I agree with both camps here. When you're young you can't possibly imagine having sexual issues with your beautiful spouse; so when it does happen you don't know where to turn. You don't want to confess failure in the most intimate yet elementary part of the relationship. Yet, incredibly, it's an extremely common outcome!

That's exactly how I felt in the first few months after our honeymoon. It was before the days of google and the internet; now you can find out that most marriages are sex-starved, but back then you would feel so alone. You're starving for affection, you go out on the street and see happy couples of all ages and you imagine that you are the only one suffering.

You were correct in reaching out to a friend. Your ex, on the other hand, was correct in getting angry. Yet ...

You needed to pick a better friend to confide in! Clearly, it was the kind of friend who believes "a secret is something you only tell one other person at a time, in whispers." You were betrayed, as you well know now.

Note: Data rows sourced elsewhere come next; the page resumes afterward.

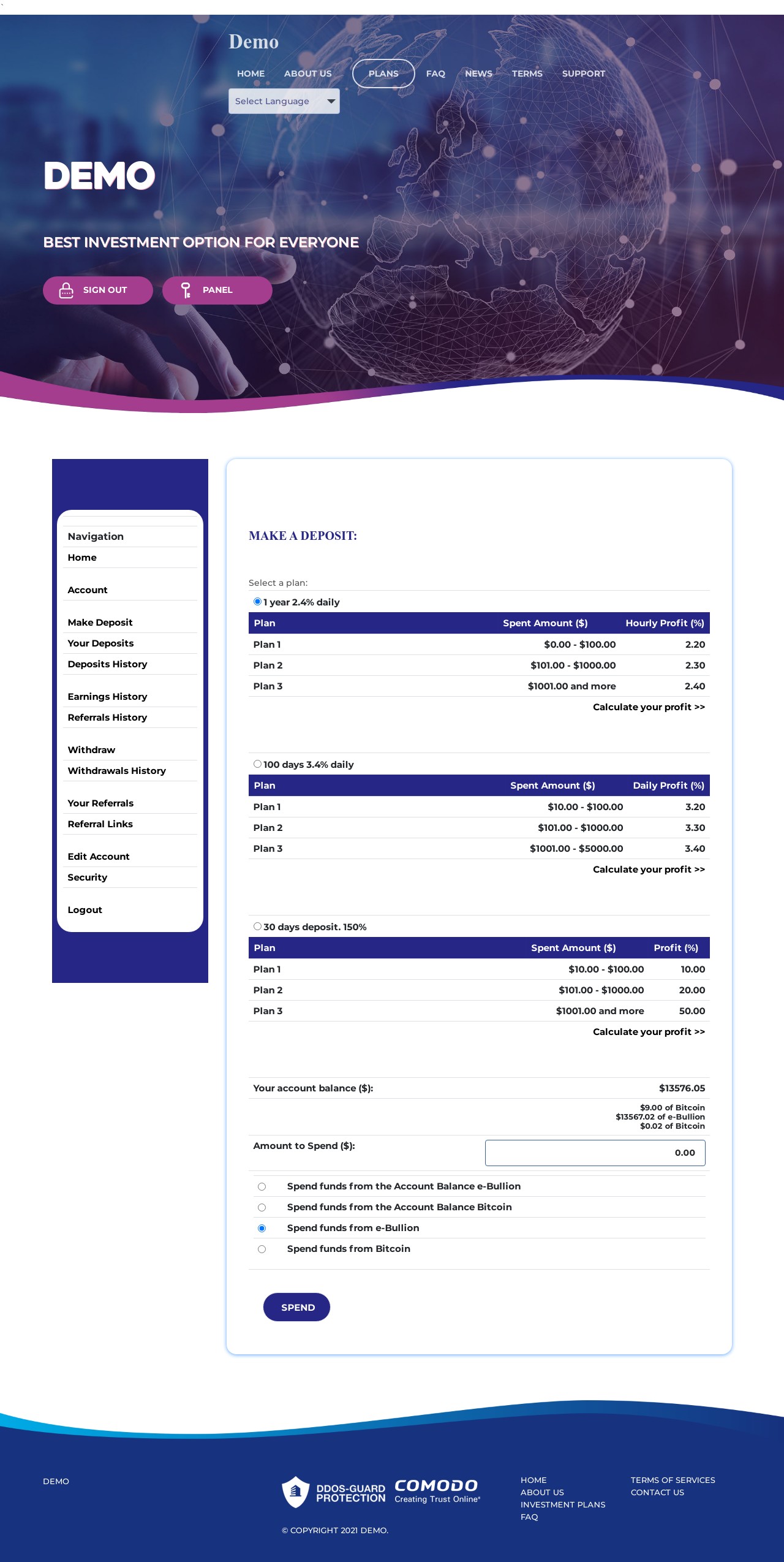 • Requires – Script HYIP Manager Pro by Gold Coders
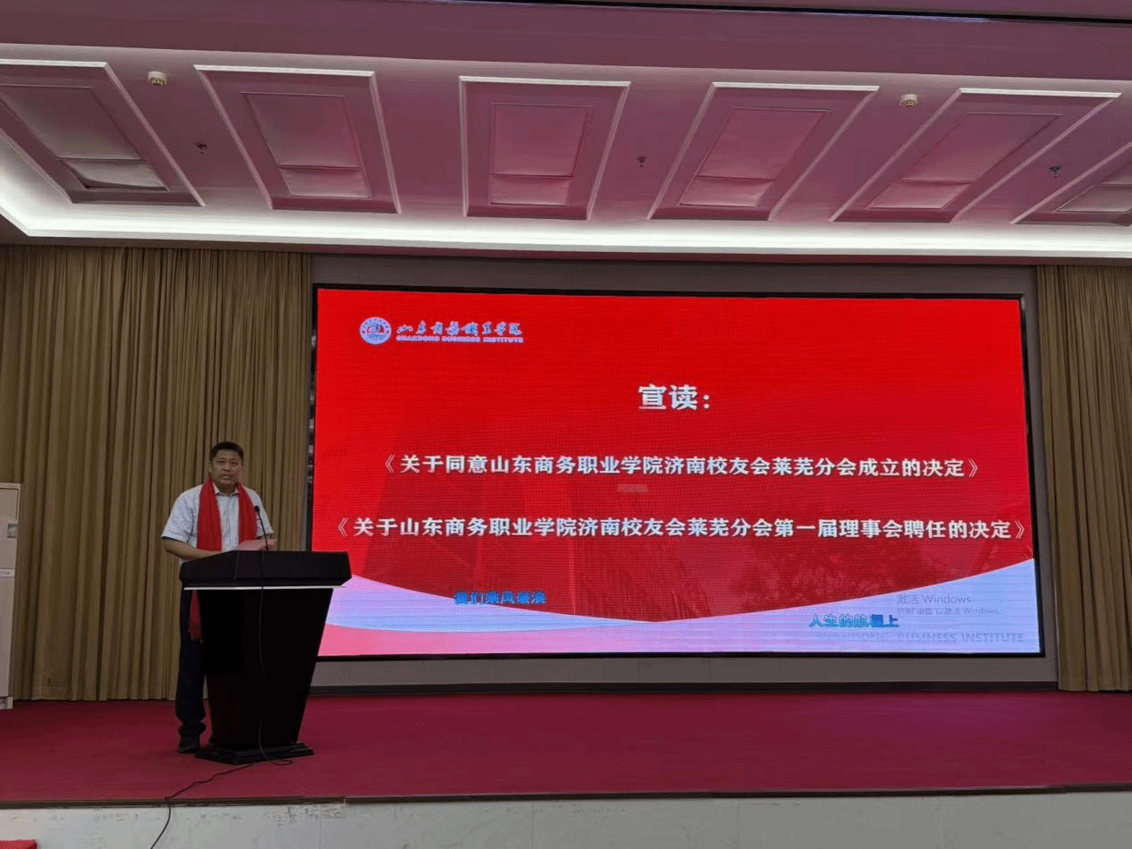 宫国学宣读了《关于同意山东商务职业学院济南校友会莱芜分会成立的决定》以及《关于山东商务职业学院济南校友会莱芜分会第一届理事会聘任的决定》。
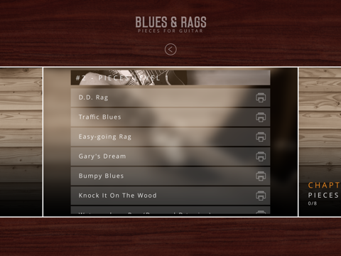 Blues & Rags is easy to navigate, so you can concentrate on your practice session instead of learning complicated controls. From the main screen, just pick a fingerstyle pattern or a piece to learn. You can also choose from several "Help" pages filled with useful explanations of the lessons. From the "TabView" screen, just listen to the practice piece until youre comfortable enough with it to start working on it. If you get confused, dont worry. Just tap the "?" button and easy to read graphics show you exactly what to do.
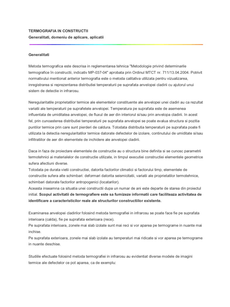 Generalitati Metoda termografica este descrisa in reglementarea tehnica "Metodologie privind determinarile termografice n constructii, indicativ MP-037-04" aprobata prin Ordinul MTCT nr. 711/13.04.2004. Potrivit normativului mentionat anterior termografia este o metoda calitativa utilizata pentru vizualizarea, inregistrarea si reprezentarea distributiei temperaturii pe suprafata anvelopei cladirii cu ajutorul unui sistem de detectie in infrarosu. Neregularitatile proprietatilor termice ale elementelor constituente ale anvelopei unei cladiri au ca rezultat variatii ale temperaturii pe suprafetele anvelopei. Temperatura pe suprafata este de asemenea influentata de umiditatea anvelopei, de fluxul de aer din interiorul si/sau prin anvelopa cladirii. In acest fel, prin cunoasterea distributiei temperaturii pe suprafata anvelopei se poate evalua structura si pozitia puntilor termice prin care sunt pierderi de caldura. Totodata distributia temperaturii pe suprafata poate fi utilizata la detectia neregularitatilor termice datorate defectelor de izolare, continutului de umiditate si/sau infiltratiilor de aer din elementele de inchidere ale anvelopei cladirii. Daca in faza de proiectare elementele de constructie au o structura bine definita si se cunosc parametrii termotehnici ai materialelor de constructie utilizate, in timpul executiei constructiei elementele geometrice sufera afectiuni diverse. Totodata pe durata vietii constructiei, datorita factorilor climatici si factorului timp, elementele de constructie sufera alte schimbari: deformari datorita seismicitatii, variatii ale proprietatilor termotehnice, schimbari datorate factorilor antropogenici (locatarilor). Aceasta inseamna ca situatia unei constructii dupa un numar de ani este departe de starea din proiectul initial. Scopul activitatii de termografiere este sa furnizeze informatii care faciliteaza activitatea de identificare a caracteristicilor reale ale structurilor constructiilor existente. Examinarea anvelopei cladirilor folosind metoda termografiei in infrarosu se poate face fie pe suprafata interioara (calda), fie pe suprafata exterioara (rece). Pe suprafata interioara, zonele mai slab izolate sunt mai reci si vor aparea pe termograme in nuante mai inchise. Pe suprafata exterioara, zonele mai slab izolate au temperaturi mai ridicate si vor aparea pe termograme in nuante deschise. Studiile efectuate folosind metoda termografiei in infrarosu au evidentiat diverse modele de imagini termice ale defectelor ce pot aparea, ca de exemplu:
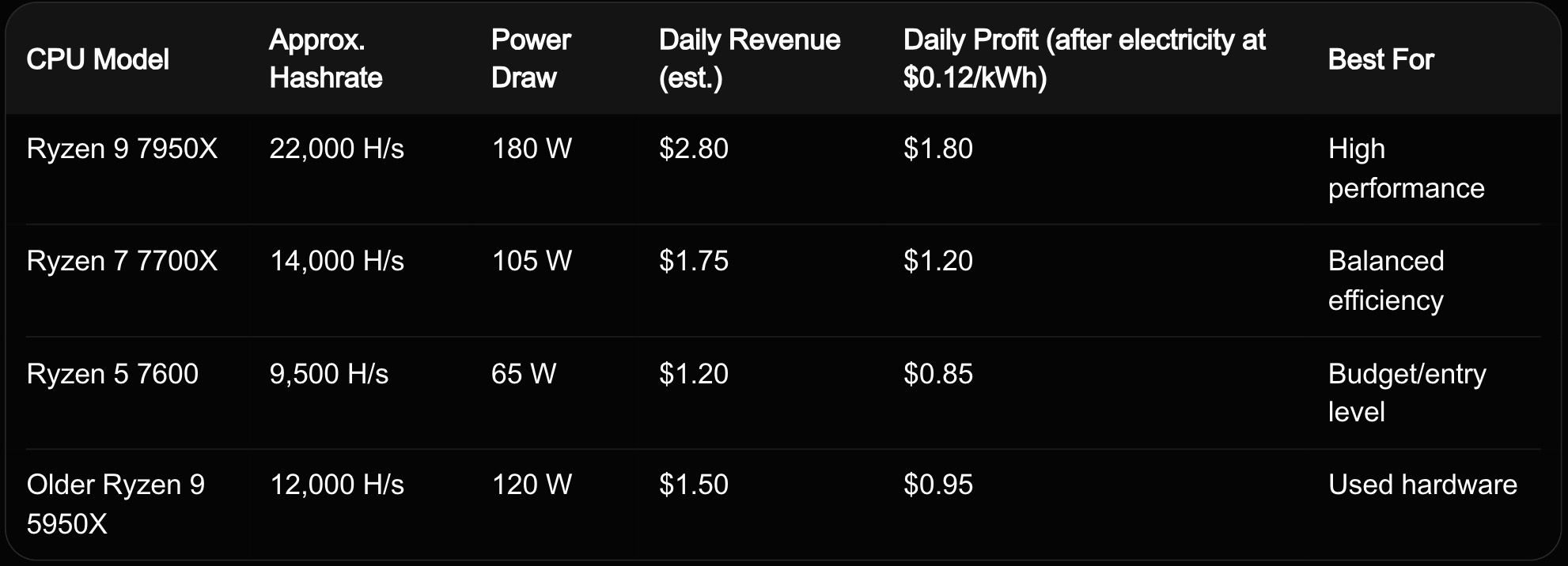 Modern AMD Ryzen CPUs offer the best hashrate-to-power ratio for RandomX.
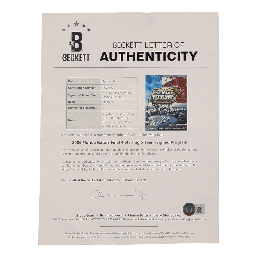 2006 Florida Gators Final Four NCAA Program Team-Signed by the Starting (5) with Joakim Noah, Al Horford, Lee Humphrey, Corey Brewer (Beckett)
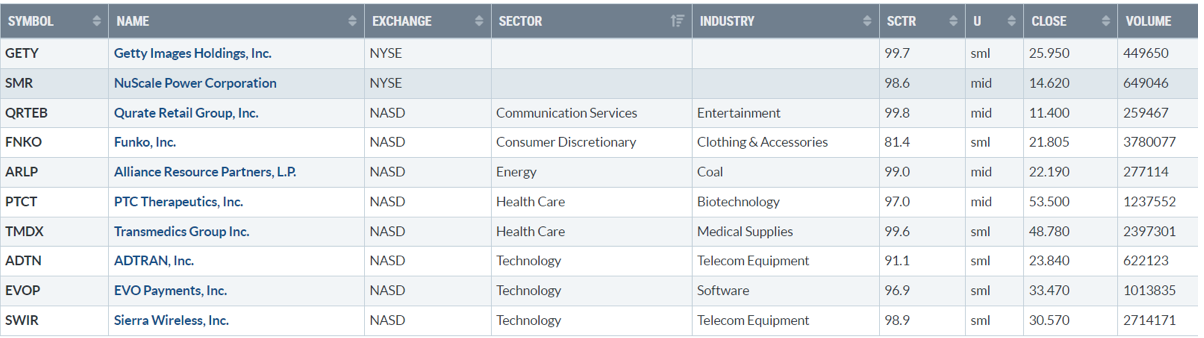 Di seguito i titoli che hanno creato un nuovo massimo a 52 settimane, e stanno sovraperformando l’indice di riferimento S&P500.
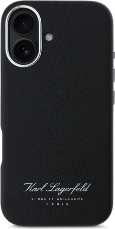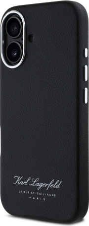Karl Lagerfeld Grained PU Hotel RSG Case Aizsargapvalks priekš iPhone 16 / melns
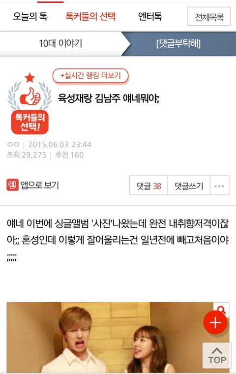 -+톡선에 올랐네!!!!당황당황 고마워ㅠㅠㅠ이번 사진 노래진짜 인생노래수준이니까 꼭 들어보고 성재X남주 케미쩐다ㄷㄷㄷ 아그리고 조이♡성재 잘 촬영하고!!다 잘되길♡ 참고로 쓰니는 남주여덕!핑덕은 아니고 그냥 제일좋아하는 여돌이 김남주!육성재도 좋다 사진또들으러가야징헤페페펲
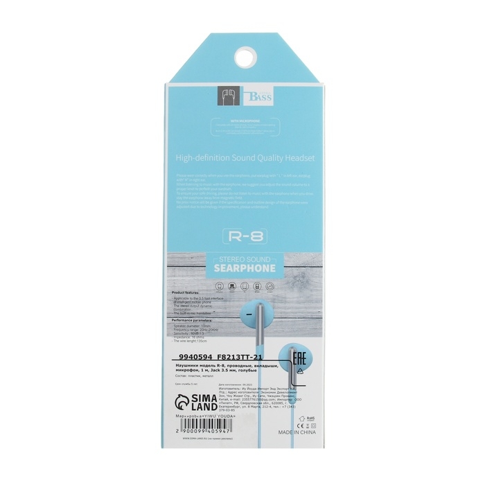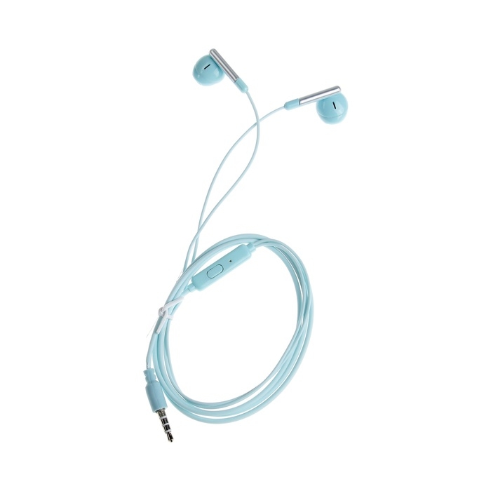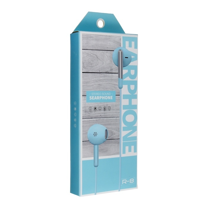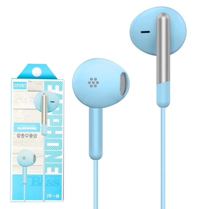 Наушники R-8, проводные, вкладыши, микрофон, 1 м, Jack 3.5 мм, голубые
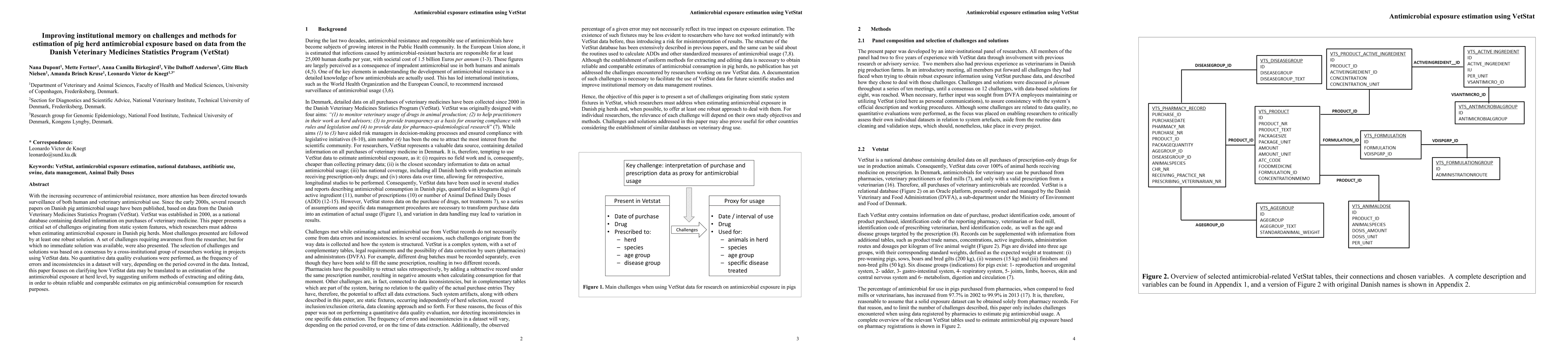 With the increasing occurrence of antimicrobial resistance, more attention has been directed towards surveillance of both human and veterinary antimicrobial use. Since the early 2000s, several research papers on Danish pig antimicrobial usage have been published, based on data from the Danish Veterinary Medicines Statistics Program (VetStat). VetStat was established in 2000, as a national database containing detailed information on purchases of veterinary medicine. This paper presents a critical set of challenges originating from static system features, which researchers must address when estimating antimicrobial exposure in Danish pig herds. Most challenges presented are followed by at least one robust solution. A set of challenges requiring awareness from the researcher, but for which no immediate solution was available, were also presented. The selection of challenges and solutions was based on a consensus by a cross-institutional group of researchers working in projects using VetStat data. No quantitative data quality evaluations were performed, as the frequency of errors and inconsistencies in a dataset will vary, depending on the period covered in the data. Instead, this paper focuses on clarifying how VetStat data may be translated to an estimation of the antimicrobial exposure at herd level, by suggesting uniform methods of extracting and editing data, in order to obtain reliable and comparable estimates on pig antimicrobial consumption for research purposes.
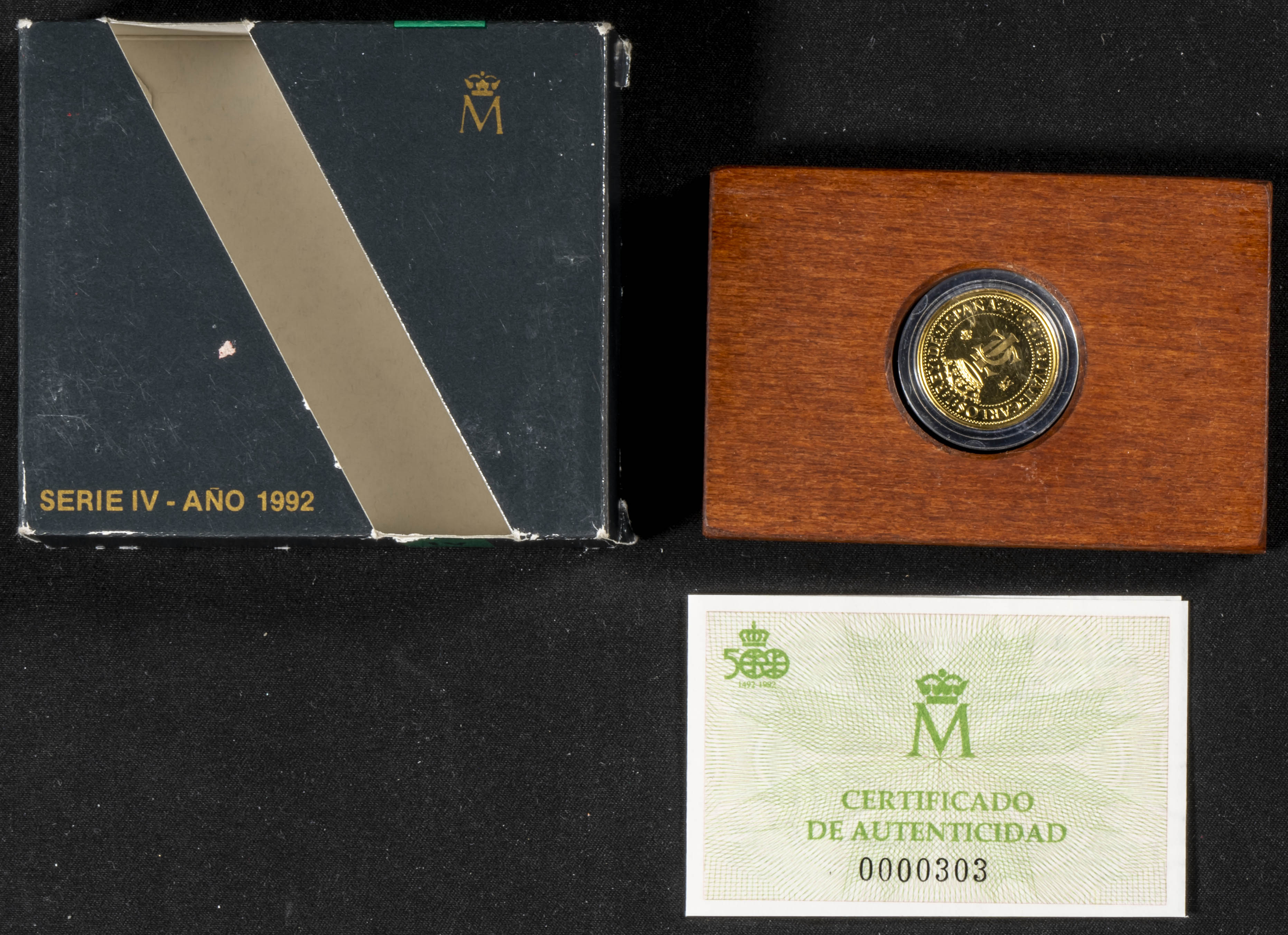 JUAN CARLOS I (1975-2014). 10.000 Pesetas. (Au. 3,37g/19mm). Serie IV Quinto Centenario. 1992. FNMT. FDC. Presentada en estuche oficial y con certificado de autenticidad.
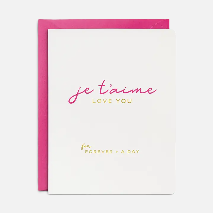 Je T'aime card is printed with two color letterpress on luxe heavyweight cardstock. Magenta and light pink letterpress on ivory paper.  We print all greeting cards at our in-house print shop on traditional letterpress machinery. Folded card with blank interior and envelope.
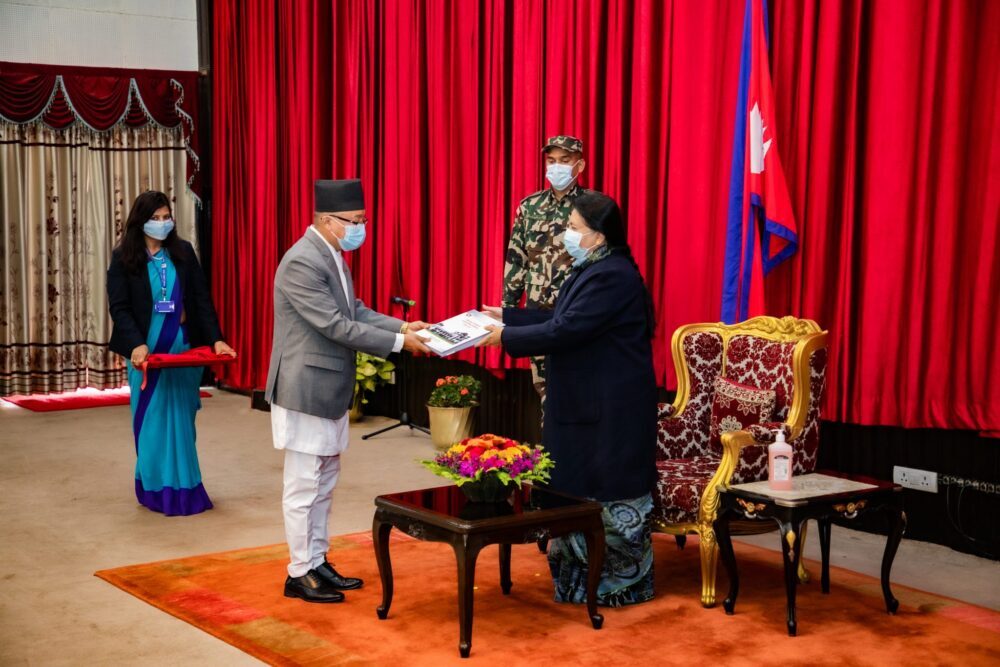 राष्ट्रपति विद्यादेवी भण्डारीसमक्ष प्रमुख निर्वाचन आयुक्त दिनेशकुमार थपलियाले नेपालको संविधानको धारा २९४ को उपधारा (१) बमोजिम निर्वाचन आयोगको आर्थिक वर्ष २०७७/०७८ को वार्षिक प्रतिवेदन पेश गर्नुभएको छ ।
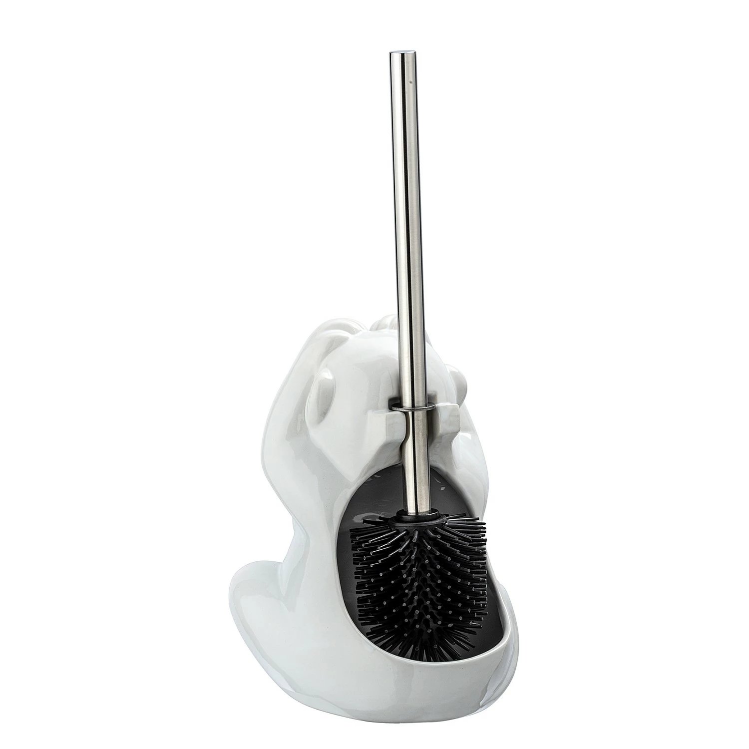 - Weitere Qualitätsmerkmale: Praktischer Bürstenhalter: Die trendige Affenform macht die WC-Garnitur Monkey Dark aus hochwertiger Keramik in Weiß zu einem praktischen Eyecatcher, der in keiner Toilette fehlen sollte

My brother-in-law lost it one time with me ... had a quick outburst about his own SSM with my ex's older (and favorite) sister. If I had breathed a word about it to my ex at the time it would have turned into a 5-alarm fire in the family. These things are very very touchy.

Also, your ex is at fault. After she got her mad out, she should have realized that you must have been pushed to the limit to betray her privacy, and that maybe she should have spent some time looking inside herself.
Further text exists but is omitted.